This document describes the ANTLR4-based parser implementation for MDL (Mendix Definition Language) in the Go library.
The MDL parser translates SQL-like MDL syntax into executable operations against Mendix project files. It uses ANTLR4 for grammar definition, enabling cross-language grammar sharing with other implementations (TypeScript, Java, Python).
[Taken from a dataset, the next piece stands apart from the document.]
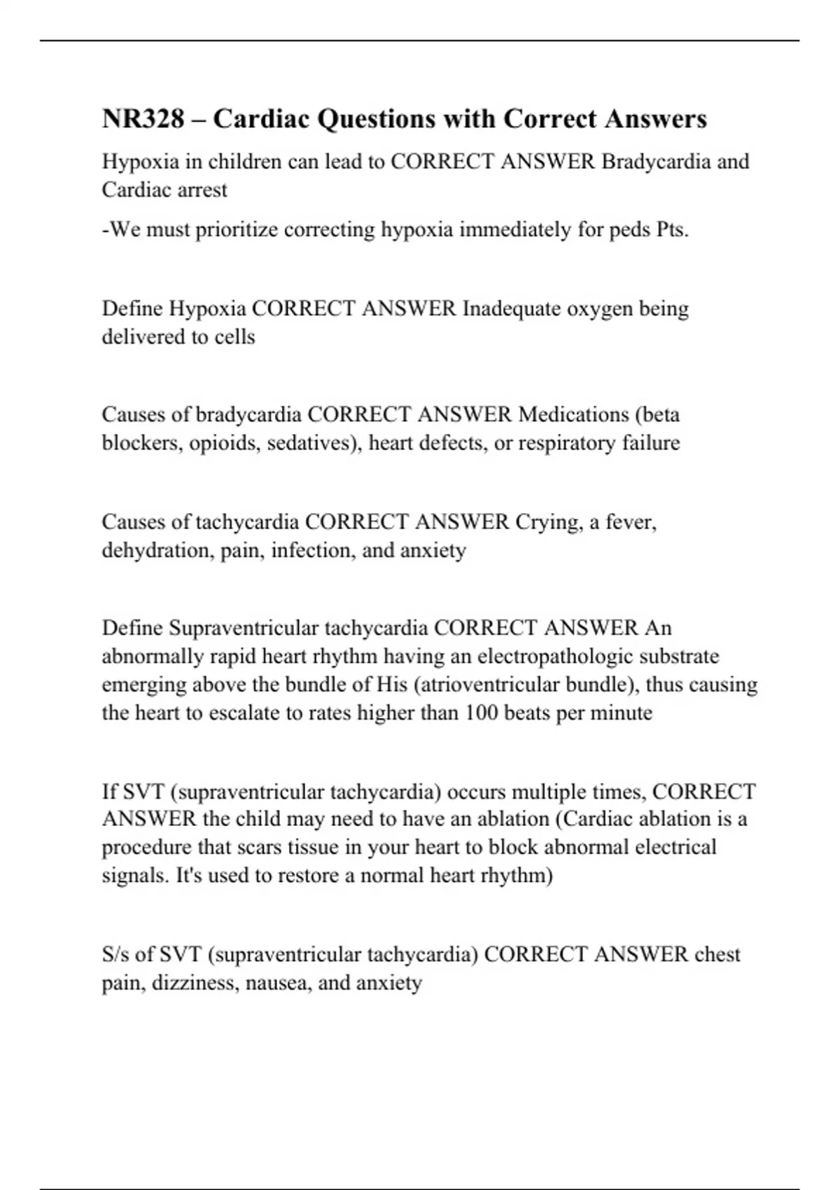 NR328 – Cardiac Questions with Correct Answers
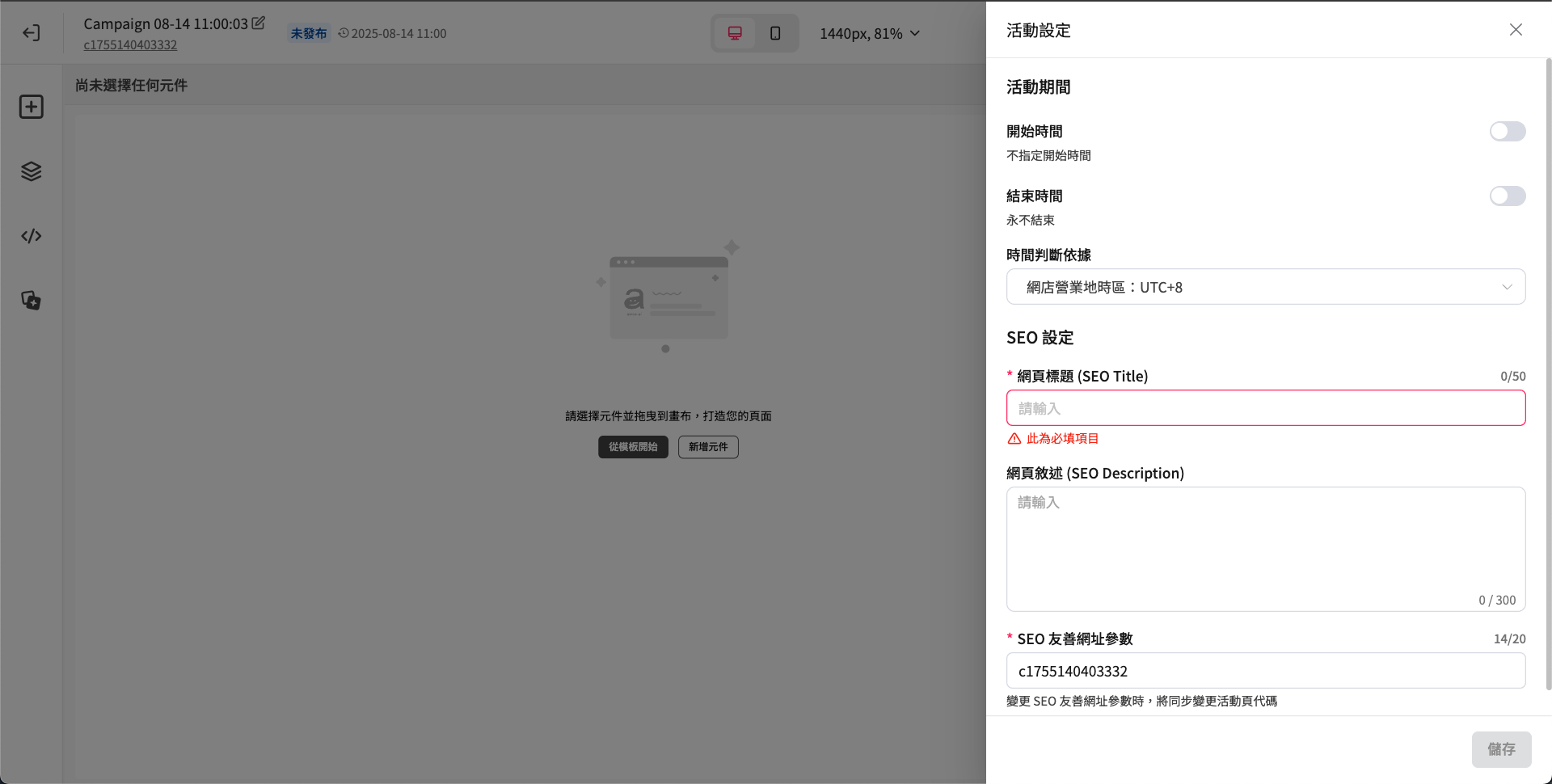 在「活動設定」底下,除了可以設定活動的開始或結束時間,也可以設定活動的網頁標籤 (SEO Title) 和敘述 (SEO Description)。

┌─────────────────────────────────────────────────────────────────────┐
│ MDL Input String │
│ "SHOW ENTITIES IN MyModule" │
└─────────────────────────────────────────────────────────────────────┘
│
▼
┌─────────────────────────────────────────────────────────────────────┐
│ ANTLR4 Lexer (mdl_lexer.go) │
│ Generated from MDLLexer.g4 - Tokenizes input into SHOW, ENTITIES,│
│ IN, IDENTIFIER tokens │
└─────────────────────────────────────────────────────────────────────┘
│
▼
┌─────────────────────────────────────────────────────────────────────┐
│ ANTLR4 Parser (mdl_parser.go) │
│ Generated from MDLParser.g4 - Builds parse tree according to grammar │
└─────────────────────────────────────────────────────────────────────┘
│
▼
┌─────────────────────────────────────────────────────────────────────┐
│ ANTLR Listener (visitor/visitor.go) │
│ Walks parse tree and builds strongly-typed AST nodes │
└─────────────────────────────────────────────────────────────────────┘
│
▼
┌─────────────────────────────────────────────────────────────────────┐
│ AST (ast/ast.go) │
│ *ast.ShowStmt{Type: "ENTITIES", Module: "MyModule"} │
└─────────────────────────────────────────────────────────────────────┘
│
▼
┌─────────────────────────────────────────────────────────────────────┐
│ Executor (executor/executor.go) │
│ Executes AST against modelsdk-go API │
└─────────────────────────────────────────────────────────────────────┘
│
▼
┌─────────────────────────────────────────────────────────────────────┐
│ modelsdk-go Library │
│ mpr.Writer, domainmodel.Entity, etc. │
└─────────────────────────────────────────────────────────────────────┘
mdl/
├── grammar/
│ ├── MDLLexer.g4 # ANTLR4 lexer grammar (tokens)
│ ├── MDLParser.g4 # ANTLR4 parser grammar (rules)
│ └── parser/ # Generated parser code (DO NOT EDIT)
│ ├── mdl_lexer.go
│ ├── mdl_parser.go
│ ├── mdlparser_listener.go
│ └── mdlparser_base_listener.go
├── ast/
│ └── ast.go, ast_microflow.go, ast_expression.go, ast_datatype.go, ...
├── visitor/
│ └── visitor.go # ANTLR listener implementation
├── executor/
│ ├── executor.go # AST execution logic
│ ├── cmd_microflows_builder.go # Microflow builder (variable tracking)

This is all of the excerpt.